Hereinafter, an embodiment relating to a direction identification mark and a method of attaching the mark will be described.
(First embodiment)
A first embodiment will be described.
In the present embodiment, the horizontal width Sxi of the image display plane PL1 is less than the horizontal width Sxo of the overlay plane PL2 (Sxi <Syo), and the vertical width Syi of the image display plane PL1 is less than the vertical width Syo of the overlay plane PL2. (Syi <Syo).

  Then, in step S5, the CPU 10 generates superimposed image data by superimposing the image display plane PL1 and the overlay plane PL2 with their respective centroids as shown in FIG. 5, and a superimposed image based on the generated superimposed image data. G is displayed on the display device 15. In FIG. 5, the outer edge of the image display plane PL1 is shown by a broken line, but this broken line is shown for convenience of explanation and does not need to be shown in the actual display image.

  When the image display plane PL1 and the overlay plane PL2 are overlapped as described above, a non-overlapping portion of both is generated on the overlay plane PL2. A direction identification mark is attached to this non-overlapping portion. In particular, in the present embodiment, as shown in FIGS. 5A and 5B, a broken line B as a direction identification mark is attached to either one of the upper and lower sides and the left and right sides of the overlay plane PL2. The width of the broken line B is a length that fits in the non-overlapping portion.

Here, how to attach the broken line B will be described.
The tag [0020, 0020] described above includes first identification information given by the direction from the first pixel in the first row of the medical image data to the last pixel in the row (from left to right of the image), and the medical image. And second identification information given by the direction of the last pixel in the column (from top to bottom of the image) from the first pixel in the first column of data. As each identification information, for example, any of A (Anterior: front), P (Posterior: back), R (Right: right), L (Left: left), H (Head: head), F (Foot: foot) Is written.

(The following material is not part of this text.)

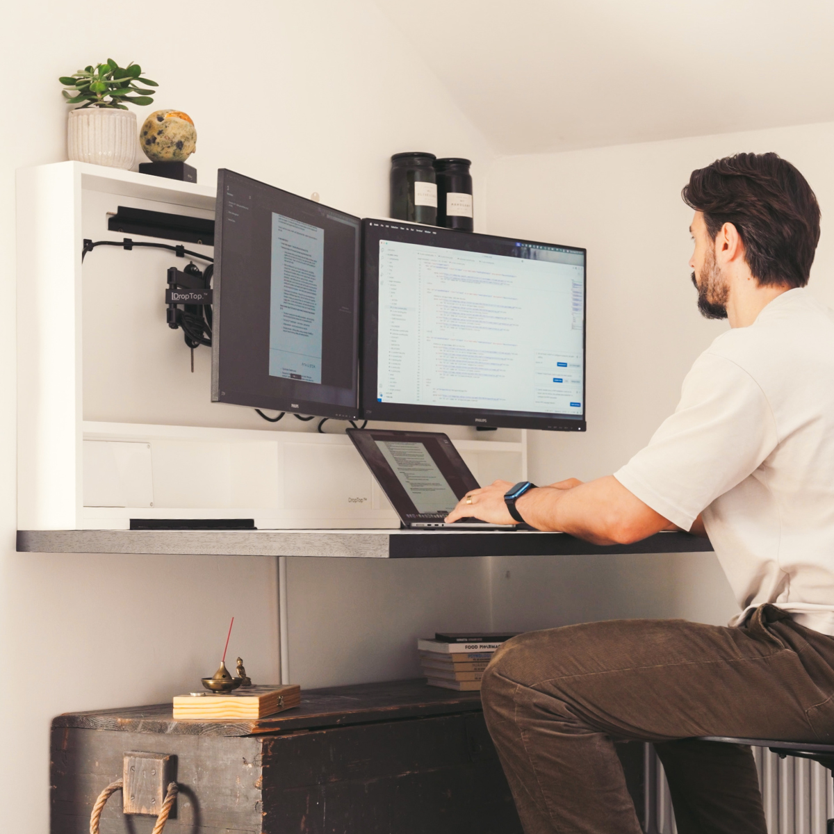 The DropTop™ Wall-Mounted Desk is crafted from high-density, premium-quality particleboard made using a mix of recycled wood from the forestry industry. Sustainability is at the heart of Pith & Stem’s products, the boards are locally sourced to reduce CO₂ emissions, FSC and PEFC certified, and designed to leave a minimal environmental footprint.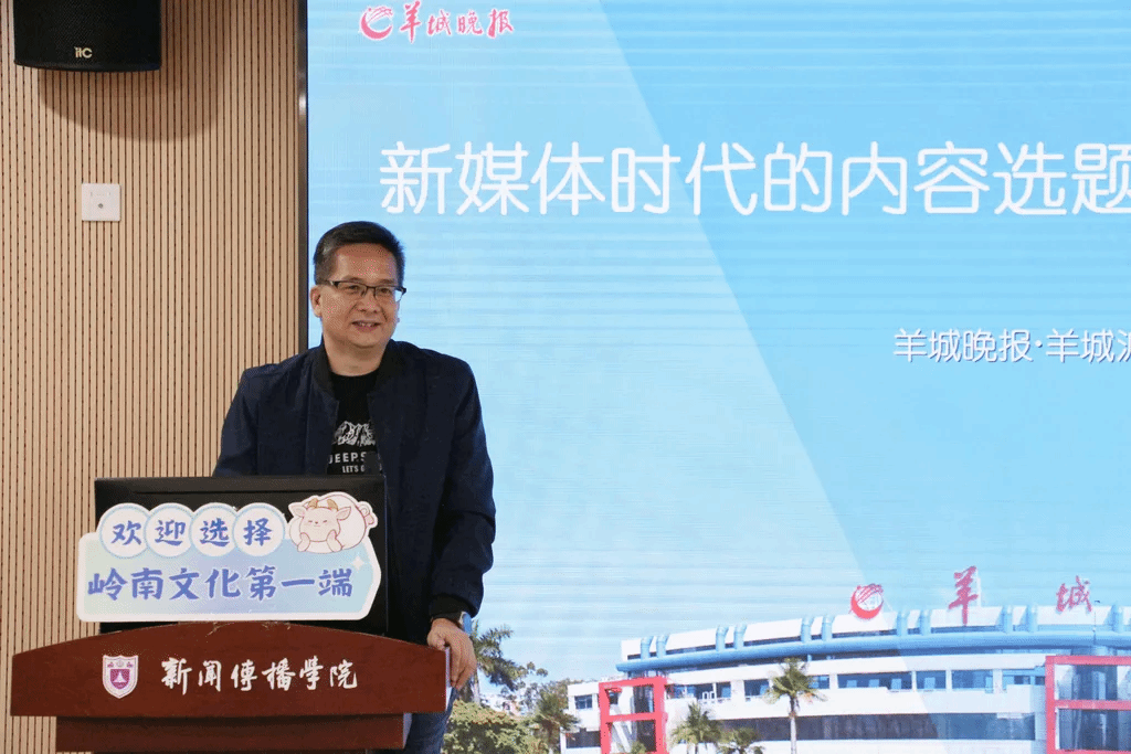 郑华如还向同学们介绍了羊城晚报社主创的具体产品案例,如报纸四连张、移动端长卷、水墨动画、微纪录片、互动手游、合成主播等。他还以“骑单车的人”为喻,剖析了吸引用户的新媒体标题的特征。

  In step S4, the CPU 10 refers to the first identification information and the second identification information written in the tags [0020, 0020] in the tag information, and determines the imaging direction of the medical image from these identification information. Then, for example, the CPU 10 writes the broken lines B on the two sides corresponding to the back side and the left side of the subject in the overlay plane PL2 for writing the direction identification mark.

  FIG. 5A shows a case where the left side of the superimposed image G is the left side of the subject and the lower side is the back side of the subject. Therefore, the broken line B is attached to the left side and the lower side of the superimposed image G. FIG. 5B shows a case where the right side of the superimposed image G is the left side of the subject and the upper side is the back side of the subject. Therefore, the broken line B is attached to the right side and the upper side of the superimposed image G.

  FIG. 6 shows a plurality of superimposed images G (G1, G2, G3, G4, G5, G6) displayed on the display device 15 at the same time. In the superimposed images G1 to G4 and G6, since the broken line B is attached to the left side and the lower side, it can be seen that the left side is the left side of the subject and the lower side is the back side of the subject. In the superimposed image G5, since the broken line B is attached to the right side and the upper side, it can be seen that the right side is the left side of the subject and the upper side is the back side of the subject.

(Second Embodiment)
A second embodiment will be described.
This embodiment is different from the first embodiment in that a slit S1 as shown in FIG. The slit S1 is positioned at a non-overlapping portion between the image display plane PL1 and the overlay plane PL2.

  In step S4, the CPU 10 refers to the first identification information and the second identification information written in the tags [0020, 0020] in the tag information, and determines the imaging direction of the medical image from these identification information. Then, for example, the CPU 10 writes the slits S1 on two sides corresponding to the back side and the left side of the subject in the overlay plane PL2 for writing the direction identification mark.

  FIG. 7A shows a case where the left side of the superimposed image G is the left side of the subject and the lower side is the back side of the subject. Therefore, the slit S1 is attached to the left side and the lower side of the superimposed image G. FIG. 7B shows a case where the right side of the superimposed image G is the left side of the subject and the upper side is the back side of the subject. Therefore, the slit S1 is attached to the right side and the upper side of the superimposed image G.

  FIG. 8 shows a plurality of superimposed images G (G1, G2, G3, G4, G5, G6) displayed on the display device 15 simultaneously. In the superimposed images G1 to G4 and G6, since the slit S1 is attached to the left side and the lower side, it can be seen that the left side is the left side of the subject and the lower side is the back side of the subject. In the superimposed image G5, since the slit S1 is attached to the right side and the upper side, it can be seen that the right side is the left side of the subject and the upper side is the back side of the subject.

(Third embodiment)
A third embodiment will be described.
In the present embodiment, unlike the first and second embodiments, the horizontal width Sxi of the image display plane PL1 matches the horizontal width Sxo of the overlay plane PL2 (Sxi = Syo), and the vertical width Syi of the image display plane PL1 is an overlay. It is assumed that it coincides with the vertical width Syo of the plane PL2 (Syi = Syo). In step S <b> 5, the CPU 10 generates superimposed image data by superimposing the image display plane PL <b> 1 and the overlay plane PL <b> 2 with the respective centroids aligned, and displays the superimposed image G based on the generated superimposed image data on the display device 15. .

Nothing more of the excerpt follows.